Can we really blame the app for taking polo so seriously? Clearly its founders have cracked the key to dating success, and polo is it. Well, Polo and LinkedIn profiles, which is how the Inner Circle vets potential members. Launched in Europe (ooh la la) in 2013, the app came to New York last year and in 2017 has set its sights on expanding across the U.S. And to do that, it’s got to expand membership, which it can’t do unless it makes sure everyone is on the same page about its annual polo event.

The terms and conditions start off seeming pretty standard: your usual sections like Definitions, Conflict and Modifications, Eligibility, Registration, etc.—all the stuff you probably skip over because no one really reads terms and conditions. But then, after the Third Parties heading comes Events, and under that, the all-important Summer Polo Festival. How did people even meet and fall in love before dating apps threw polo festivals to facilitate it?

The rules boil down to the following: 1) You attend at your own risk; 2) the app “will not accept responsibility or liability whatsoever for any kind of injury, loss or damage” that occurs at the polo festival; 3) by attending you agree that the app can do whatever it wants with photos and recordings of you “for worldwide exploitation, in perpetuity in any and all media”; and 4) “Drinks and food are not included in the ticket price. It’s not permitted to bring your own drinks and food to the event.” Glad we’re clearing this up first!

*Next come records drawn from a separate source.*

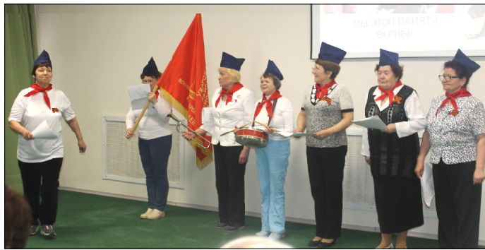
Выступление учителей-ветеранов Уватской школы.
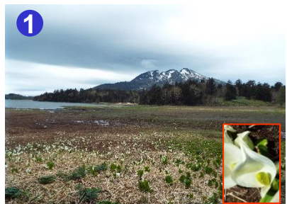
大江湿原ではミズバショウが見頃を迎えました。

沼山峠登山口から大江湿原までの登山道には残雪があります。木道の上にある雪が溶けて、一部空洞になり、踏み抜きに注意が必要な箇所があります。また濡れている木道は大変滑りやすいので足元にご注意ください
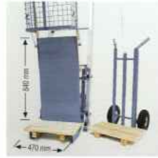
Для кровельщиков разработаны специальная платформа для подачи черепицы с шарнирно закрепленной решеткой и тележка.
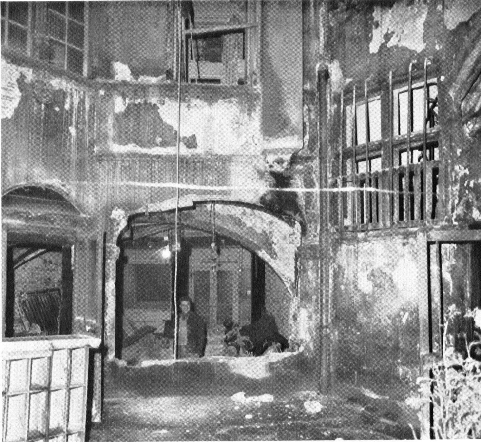
Der Hof eines Hauses des alten Lyon, im Zustand, wie er sich 1965, bei Beginn der Restaurierung, präsentierte.
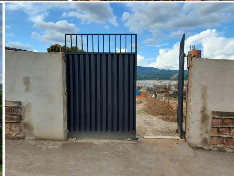
Imagens da construção da nova sede da Associação PROCEM no Seminário: jan. a junho/2021.
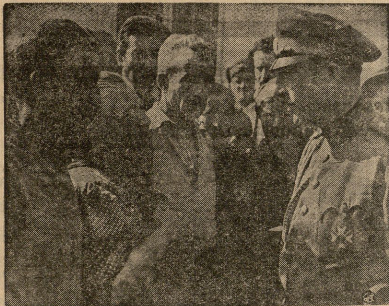
Król bułgarski Borys udał się na tereny, nawiedzone powodzią, w okolice miasta Sevlievo, gdzie w bezpośredniej rozmowie z powodziarzami starał się ich pocieszyć oraz udzielił zapomóg. Na zdjęciu — król Borys wśród ofiar powodzi.

Nie marnuj odpadków żelaznych gdyż są one potrzebne dla obrony Państwa!
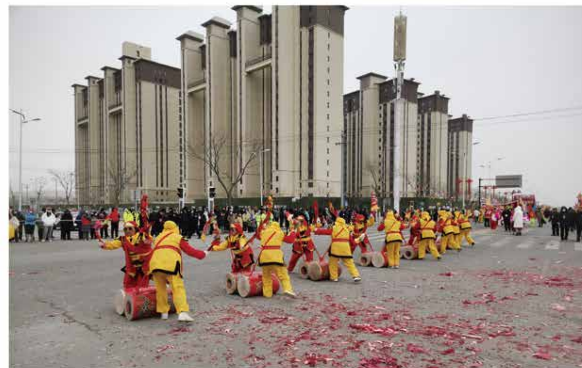
2024年社火进城展演活动
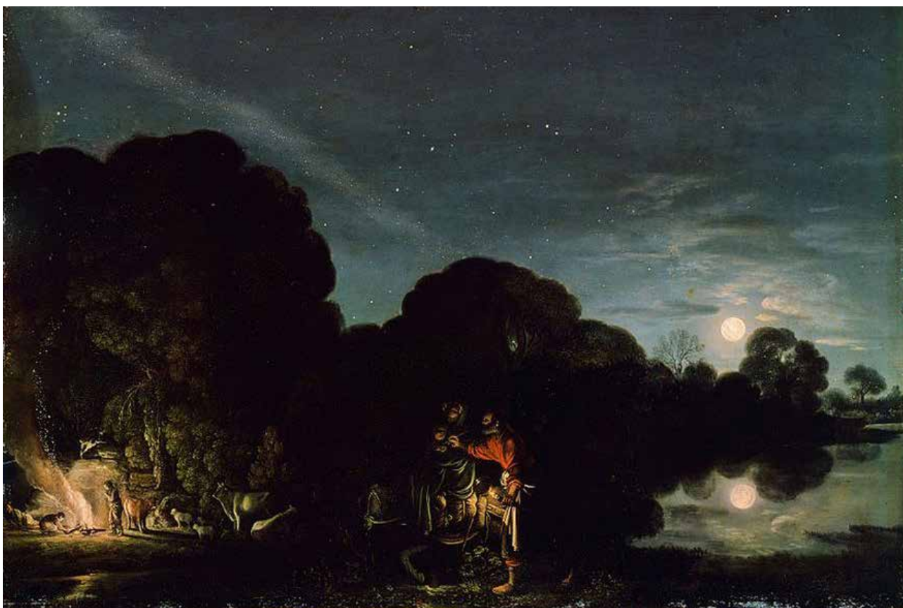
La fuga in Egitto di Elsheimer (1609).

Cesi e Stelluti, oppure commissionati a professionisti. L'apporto di Galileo all'Accademia sul piano metodologico e concettuale fu ancora una volta rilevante, non solo perché a questi libri dipinti Galileo contribuì (ad esempio all'edizione del Tesoro messicano ), ma anche perché a Roma – ma non solo a Roma – il metodo d'indagine e gli strumenti da lui perfezionati per favorire l'osservazione, il telescopio e il microscopio, mutarono radicalmente gli assunti della pittura e della ricerca scientifica 9 . ●

First of all, I had no idea it was so dangerous to attend polo events. Maybe that’s just the risk you take when you want to meet people these days? Like, if you’re looking for love, you better reckon with the fact that you may have to get kicked in the face by a horse in order to find it. I’m imagining myself attending this event, and instead of meeting an elite fellow heterosexual to date, I get a dire injury, and the Inner Circle not only refuses to help me but films the incident and uses the footage for nefarious exploitation purposes in perpetuity. I don’t fall in love, but somehow other people fall in love over my injury. Also, I am very hungry the whole time because I am not allowed to have my own food and drinks. And according to the terms of service that I agreed to, this is all completely legal. Damn. The things we do for love.